What you have to do
Would you retype exactly the lines below, from the one containing "Одна из башен" through the end of the entries, both ends included, but not the pictures?

Entries provided
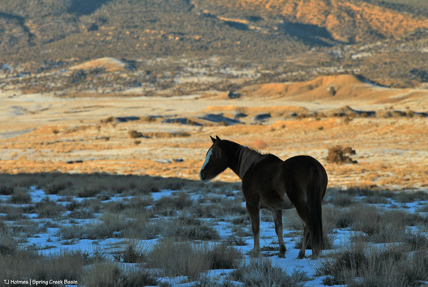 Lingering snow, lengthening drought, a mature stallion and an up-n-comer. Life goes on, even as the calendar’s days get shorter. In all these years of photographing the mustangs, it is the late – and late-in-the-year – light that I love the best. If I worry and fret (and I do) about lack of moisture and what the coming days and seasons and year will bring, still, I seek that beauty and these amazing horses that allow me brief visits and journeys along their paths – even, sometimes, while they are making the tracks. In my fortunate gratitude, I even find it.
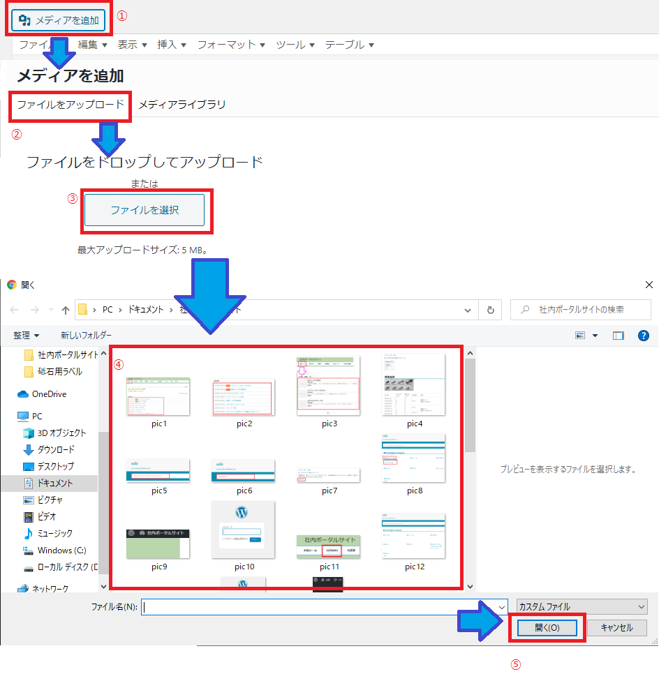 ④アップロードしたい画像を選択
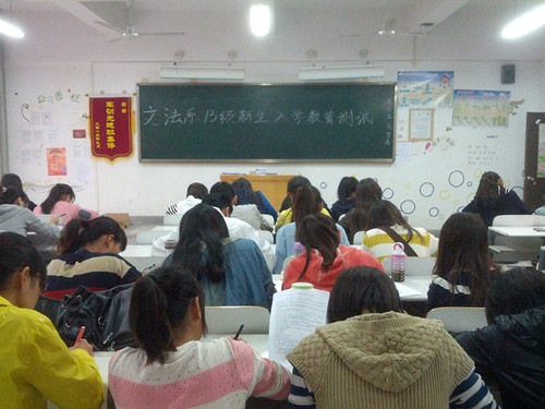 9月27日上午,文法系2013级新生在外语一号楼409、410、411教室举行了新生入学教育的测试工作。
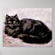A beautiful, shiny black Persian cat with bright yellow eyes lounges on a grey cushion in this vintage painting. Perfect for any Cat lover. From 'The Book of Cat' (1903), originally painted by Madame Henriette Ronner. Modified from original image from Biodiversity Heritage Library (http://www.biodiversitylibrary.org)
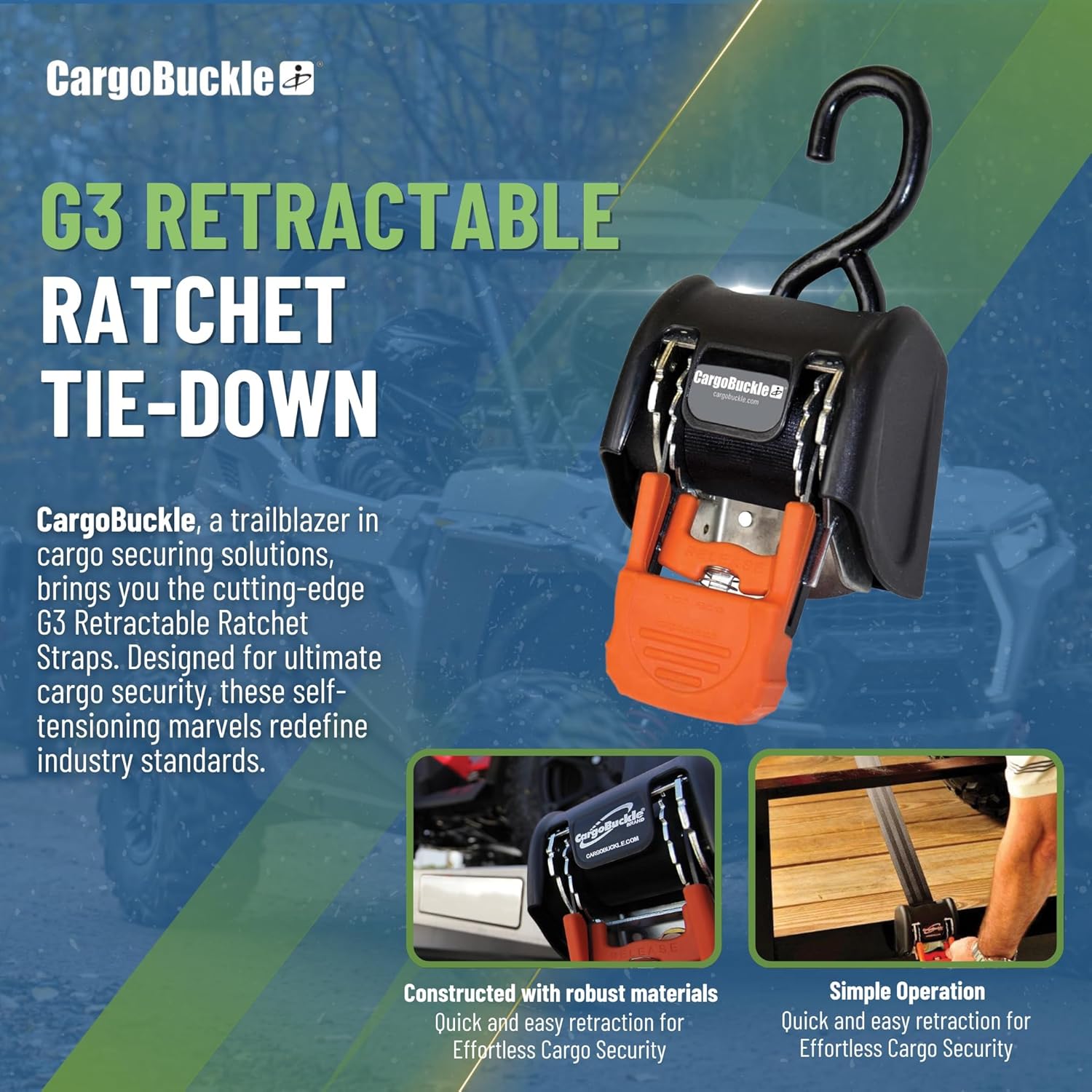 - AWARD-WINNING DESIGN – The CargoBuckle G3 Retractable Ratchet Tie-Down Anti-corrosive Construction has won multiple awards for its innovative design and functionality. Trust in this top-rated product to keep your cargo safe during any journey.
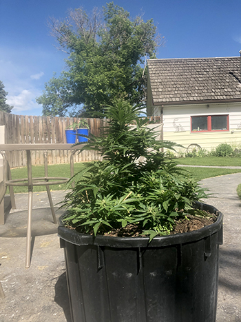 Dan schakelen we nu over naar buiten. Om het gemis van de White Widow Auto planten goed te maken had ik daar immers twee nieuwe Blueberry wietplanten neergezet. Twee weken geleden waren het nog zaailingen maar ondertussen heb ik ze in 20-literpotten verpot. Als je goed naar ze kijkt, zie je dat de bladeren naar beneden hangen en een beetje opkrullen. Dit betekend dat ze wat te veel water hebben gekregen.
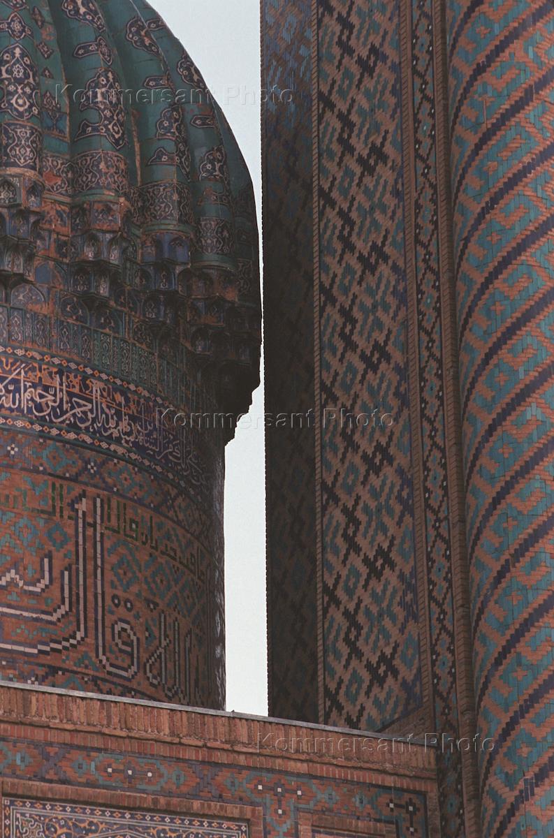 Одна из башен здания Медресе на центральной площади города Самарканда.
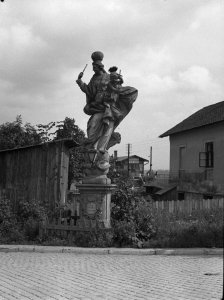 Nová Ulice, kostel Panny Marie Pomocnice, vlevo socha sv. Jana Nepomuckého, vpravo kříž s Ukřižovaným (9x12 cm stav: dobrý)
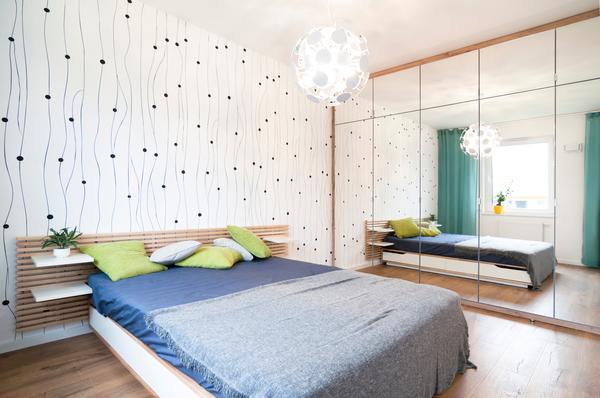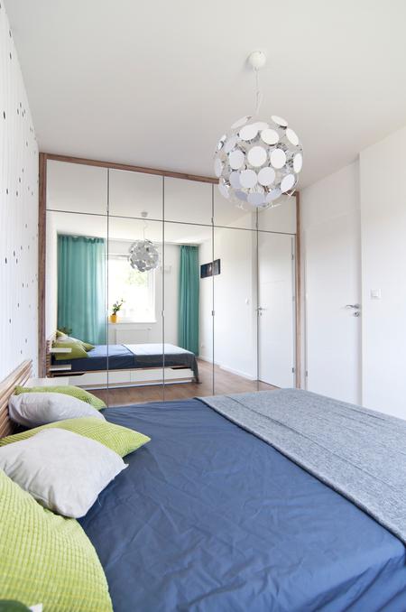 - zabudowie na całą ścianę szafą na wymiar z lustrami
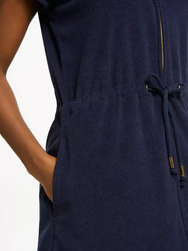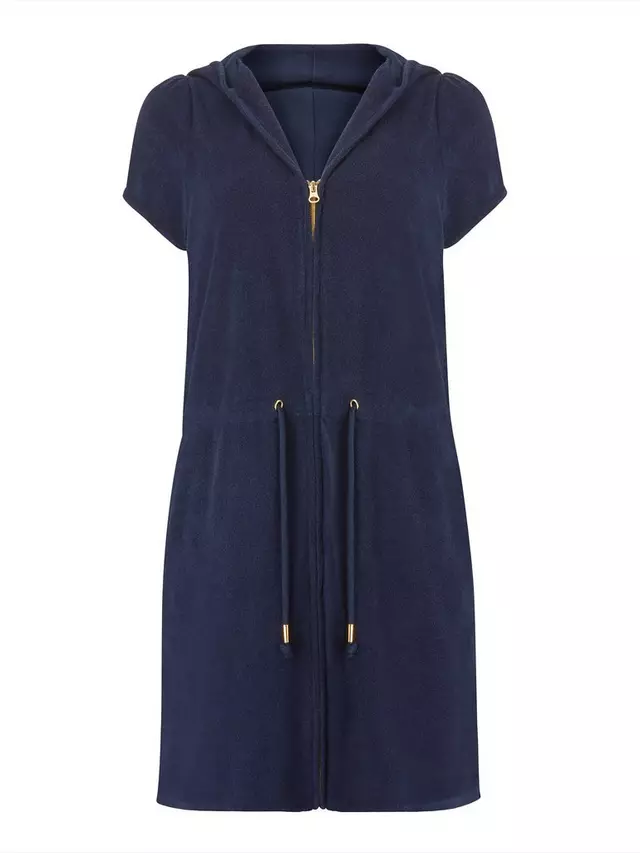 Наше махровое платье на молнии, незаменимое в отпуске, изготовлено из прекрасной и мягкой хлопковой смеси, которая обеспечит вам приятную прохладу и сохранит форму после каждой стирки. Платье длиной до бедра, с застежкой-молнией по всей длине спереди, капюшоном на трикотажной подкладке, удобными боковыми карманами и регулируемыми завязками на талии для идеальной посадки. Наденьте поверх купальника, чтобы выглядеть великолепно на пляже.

Response to this exercise
 Одна из башен здания Медресе на центральной площади города Самарканда.
 Nová Ulice, kostel Panny Marie Pomocnice, vlevo socha sv. Jana Nepomuckého, vpravo kříž s Ukřižovaným (9x12 cm stav: dobrý)
 - zabudowie na całą ścianę szafą na wymiar z lustrami
 Наше махровое платье на молнии, незаменимое в отпуске, изготовлено из прекрасной и мягкой хлопковой смеси, которая обеспечит вам приятную прохладу и сохранит форму после каждой стирки. Платье длиной до бедра, с застежкой-молнией по всей длине спереди, капюшоном на трикотажной подкладке, удобными боковыми карманами и регулируемыми завязками на талии для идеальной посадки. Наденьте поверх купальника, чтобы выглядеть великолепно на пляже.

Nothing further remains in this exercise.